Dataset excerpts

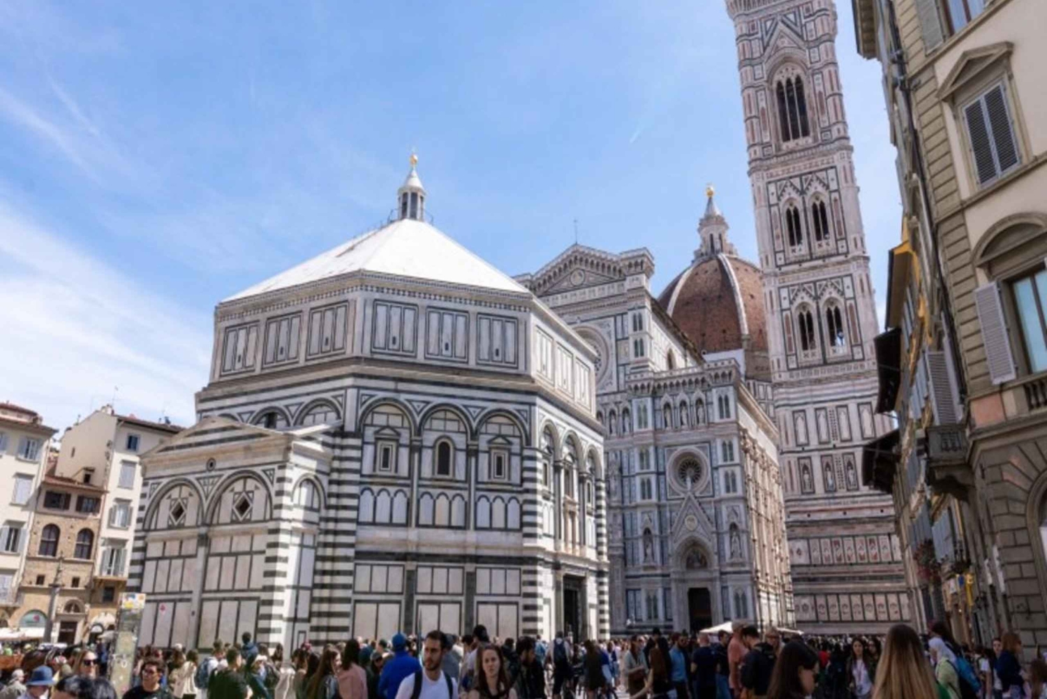 Inizia la tua mattinata all'interno della Galleria dell'Accademia, dove i biglietti prenotati in anticipo ti consentono di entrare direttamente per vedere il David di Michelangelo, un simbolo imponente di sfida e genio. Mentre la tua guida ti svela la storia della statua, esplorerai anche sculture incompiute e altre opere rinascimentali che rivelano il ruolo di Firenze come motore della rivoluzione artistica. Poi, parti per un tour a piedi nel cuore della città. Da Piazza della Repubblica al Ponte Vecchio, ogni tappa aggiunge profondità al passato stratificato di Firenze. Scopri perché un cinghiale di bronzo attira infiniti lanci di monete, come Piazza della Signoria è diventata un palcoscenico per giochi di potere politico e perché i ponti medievali sono ancora importanti nella Firenze moderna. La tua ultima tappa è il Duomo di Firenze, dove ti aspetta una delle guide ufficiali del Duomo. All'interno, scoprirai come è stata costruita la cupola del Brunelleschi senza impalcature e cosa rivelano i pavimenti e le cappelle intricati sulla fede, il simbolismo e l'ambizione. Eviterai il solito caos dei biglietti e avrai una visione privilegiata dell'edificio più iconico di Firenze.Includes
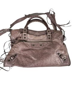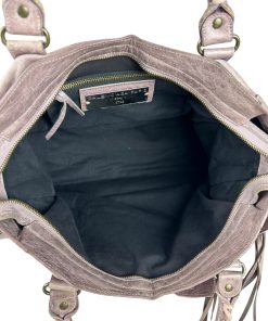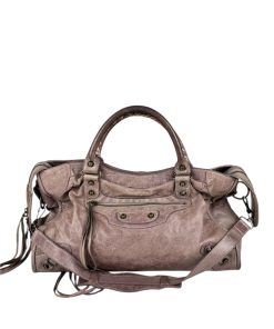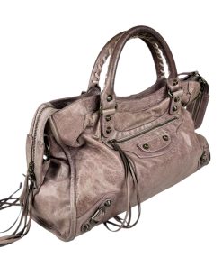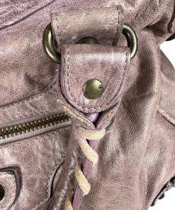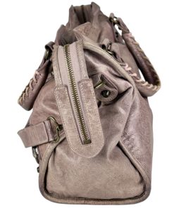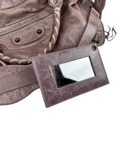 Bellissima Borsa Balenciaga Le City Media in Pelle Lilla, realizzata in morbidissima pelle lavorata con un effetto invecchiato.
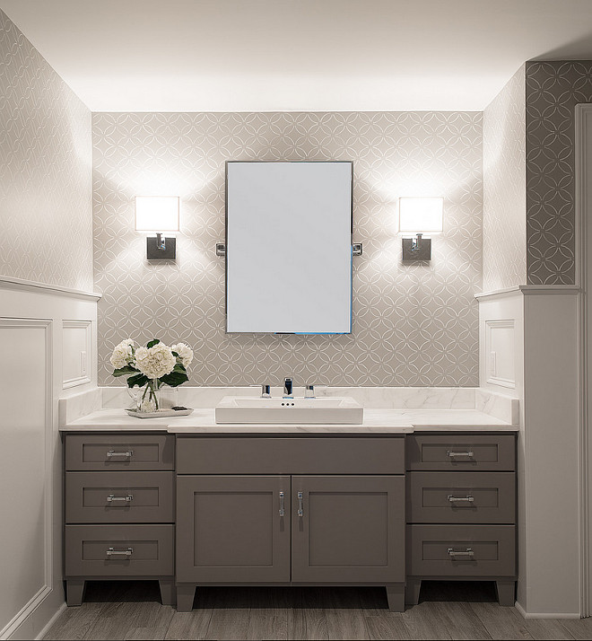 Cabinet paint color is Benjamin Moore San Antonio Gray at 75%.
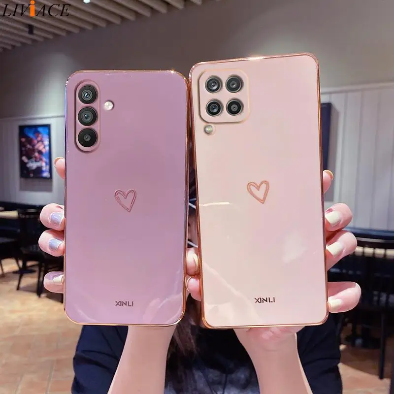 Luxury Plating Love Heart Case For Samsung Galaxy S24 S23 S22 Ultra S21 Plus S20 FE A54 A34 A14 A52 A53 A23 A15 A24 5G Cover  Read more
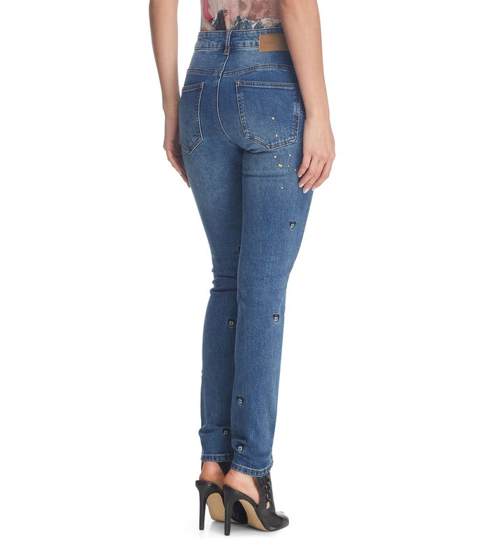 Jeans Desigual Mickey de corte skinny con sutil diseño deslavado, bordado alusivo al modelo en cuerpo, trabillas para cinturón, cierre de cremallera con botón metalizado y pespuntes a contraste.
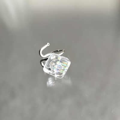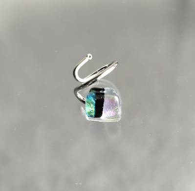 ダイクロガラスのイヤーカフ(クリア&ブラック)

Work order
The copy starts at the line holding "Luxury Plating Love" and ends at the last line of the records above. Transcribe those lines exactly, pictures excluded.

Task output
 Luxury Plating Love Heart Case For Samsung Galaxy S24 S23 S22 Ultra S21 Plus S20 FE A54 A34 A14 A52 A53 A23 A15 A24 5G Cover  Read more
 Jeans Desigual Mickey de corte skinny con sutil diseño deslavado, bordado alusivo al modelo en cuerpo, trabillas para cinturón, cierre de cremallera con botón metalizado y pespuntes a contraste.
 ダイクロガラスのイヤーカフ(クリア&ブラック)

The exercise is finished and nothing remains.